GOAL OF THE EXERCISE
Without copying any picture, return all lines below exactly.

= = = =

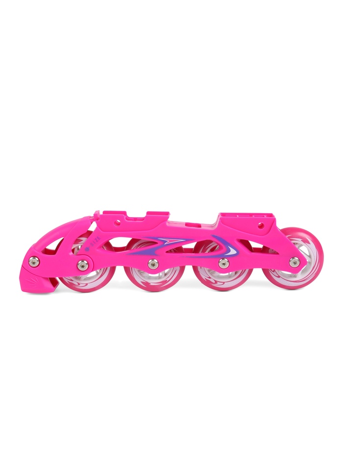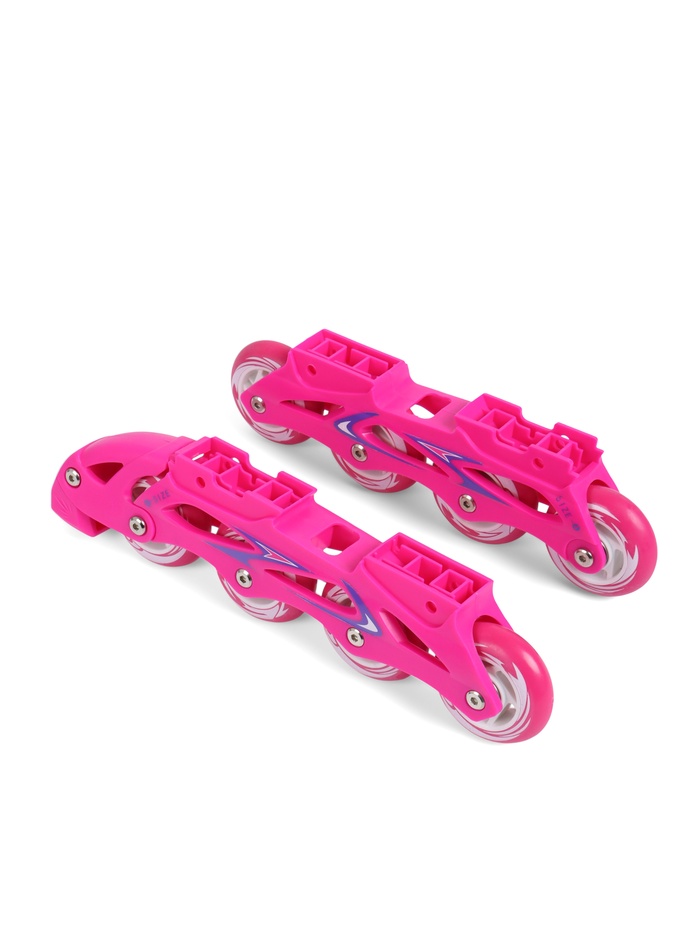 - Роликовая платформа в комплекте – прочная полимерная рама с мягкими и тихими PU-колёсами и подшипниками ABEC-5 позволяет использовать коньки как ролики, превращая одну пару обуви в два полноценных спортивных варианта.
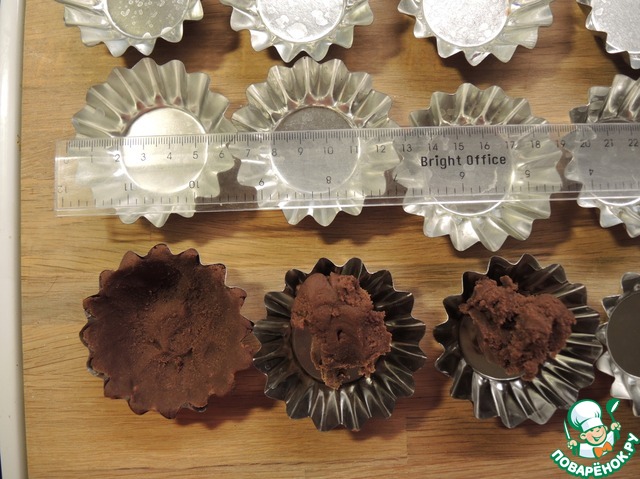 Разделяем тесто на количество формочек, и вдавливаем его туда. Я, как и писала, делала половину, потому что нашла только 18 формочек. Диаметр примерно 6 см. Вот, даже линейку приложила, чтобы было понятнее.
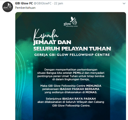 “Kepada seluruh jemaat dan seluruh pelayan Tuhan Gereja GBI Glow Fellowship Centre. Dengan memperhatikan perkembangan situasi bangsa kita setelah Pemilu dan menyadari pentingnya peran Umat Tuhan untuk tetap berdoa di dalam lingkungan gereja, maka GBI Glow Fellowship Centre menunda pelaksanaan Ibadah Paskah Bersama yang sedianya dilaksanakan di Monas,” demikin ditulis akun Twitter @GBIGlowFC.
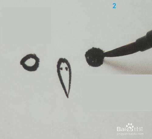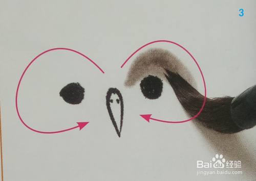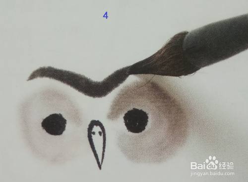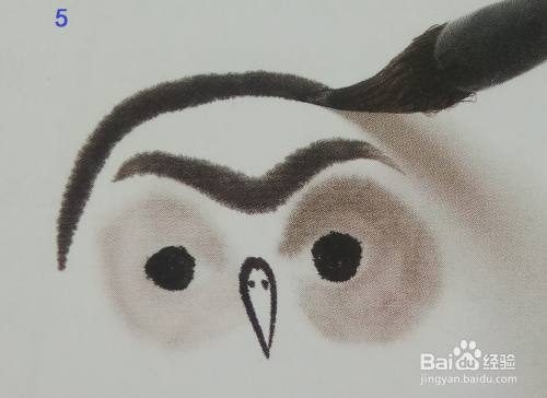 1、用小楷笔蘸取中墨,将水分吸走后绘制出猫头鹰的喙。
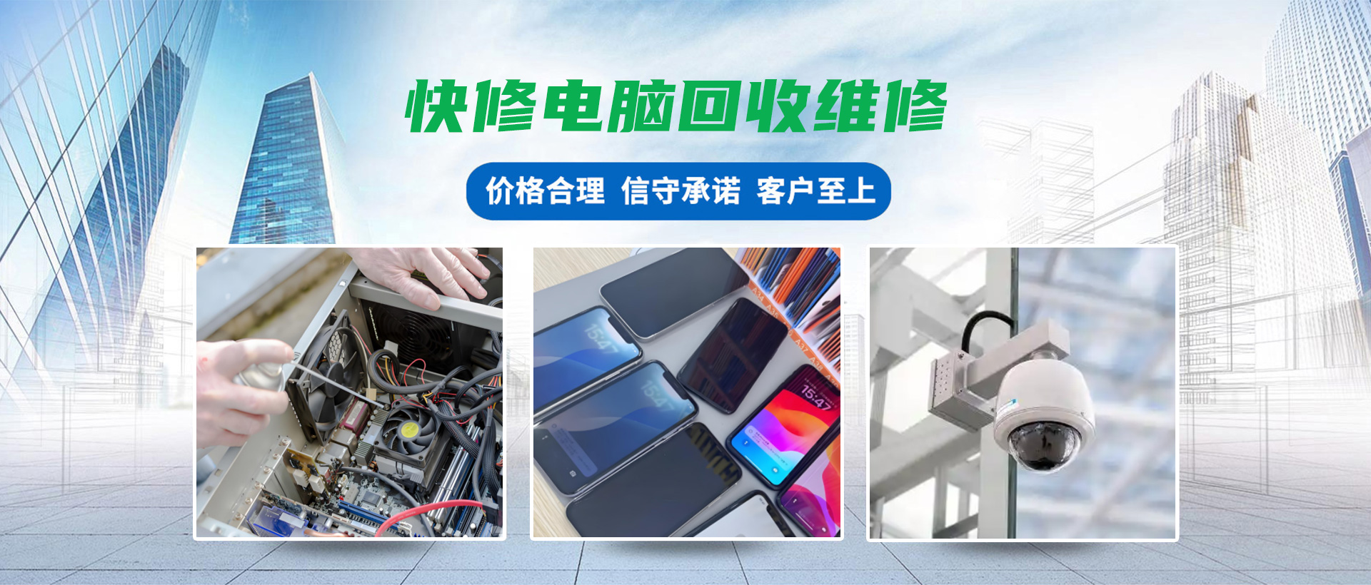 杭州快修电脑回收维修长期提供笔记本电脑维修、台式机组装、手机电脑回收、网络布线、监控安防、笔记本电脑出租、显示器电视机维修换屏、电脑出租抵押等服务,我们一直秉承“一切为用户服务”的经营理念,为客户提供稳定完善的各类服务,赢得了众多客户的信赖和好评。
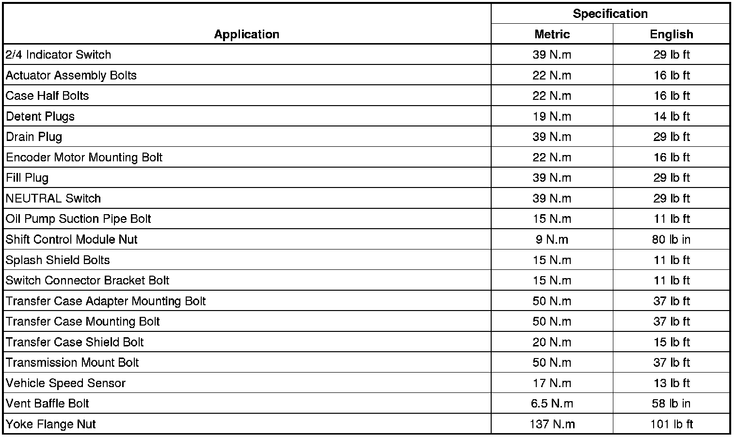 Fastener Tightening Specifications
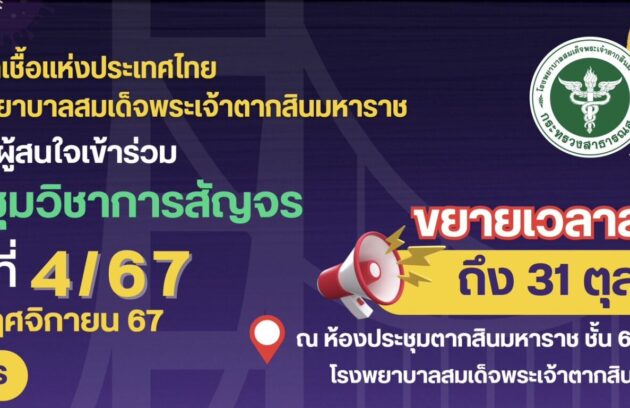 ขอเรียนเชิญผู้สนใจเข้าร่วมการประชุมวิชาการสัญจร ครั้งที่ 4/67 โดยสมาคมโรคติดเชื้อแห่งประเทศไทยร่วมกับโรงพยาบาลสมเด็จพระเจ้าตากสินมหาราช ในวันที่ 15 พฤศจิกายน 2567 ฟรี ! ค่าลงทะเบียน ณ ห้องประชุมตากสินมหาราช ชั้น 6 อาคารผู้ป่วยนอก สนใจสมัครได้ตั้งแต่วันนี้ – 31 ตุลาคม…

= = = =

REPLY TO THE EXERCISE
 - Роликовая платформа в комплекте – прочная полимерная рама с мягкими и тихими PU-колёсами и подшипниками ABEC-5 позволяет использовать коньки как ролики, превращая одну пару обуви в два полноценных спортивных варианта.
 Разделяем тесто на количество формочек, и вдавливаем его туда. Я, как и писала, делала половину, потому что нашла только 18 формочек. Диаметр примерно 6 см. Вот, даже линейку приложила, чтобы было понятнее.
 “Kepada seluruh jemaat dan seluruh pelayan Tuhan Gereja GBI Glow Fellowship Centre. Dengan memperhatikan perkembangan situasi bangsa kita setelah Pemilu dan menyadari pentingnya peran Umat Tuhan untuk tetap berdoa di dalam lingkungan gereja, maka GBI Glow Fellowship Centre menunda pelaksanaan Ibadah Paskah Bersama yang sedianya dilaksanakan di Monas,” demikin ditulis akun Twitter @GBIGlowFC.
 1、用小楷笔蘸取中墨,将水分吸走后绘制出猫头鹰的喙。
 杭州快修电脑回收维修长期提供笔记本电脑维修、台式机组装、手机电脑回收、网络布线、监控安防、笔记本电脑出租、显示器电视机维修换屏、电脑出租抵押等服务,我们一直秉承“一切为用户服务”的经营理念,为客户提供稳定完善的各类服务,赢得了众多客户的信赖和好评。
 Fastener Tightening Specifications
 ขอเรียนเชิญผู้สนใจเข้าร่วมการประชุมวิชาการสัญจร ครั้งที่ 4/67 โดยสมาคมโรคติดเชื้อแห่งประเทศไทยร่วมกับโรงพยาบาลสมเด็จพระเจ้าตากสินมหาราช ในวันที่ 15 พฤศจิกายน 2567 ฟรี ! ค่าลงทะเบียน ณ ห้องประชุมตากสินมหาราช ชั้น 6 อาคารผู้ป่วยนอก สนใจสมัครได้ตั้งแต่วันนี้ – 31 ตุลาคม…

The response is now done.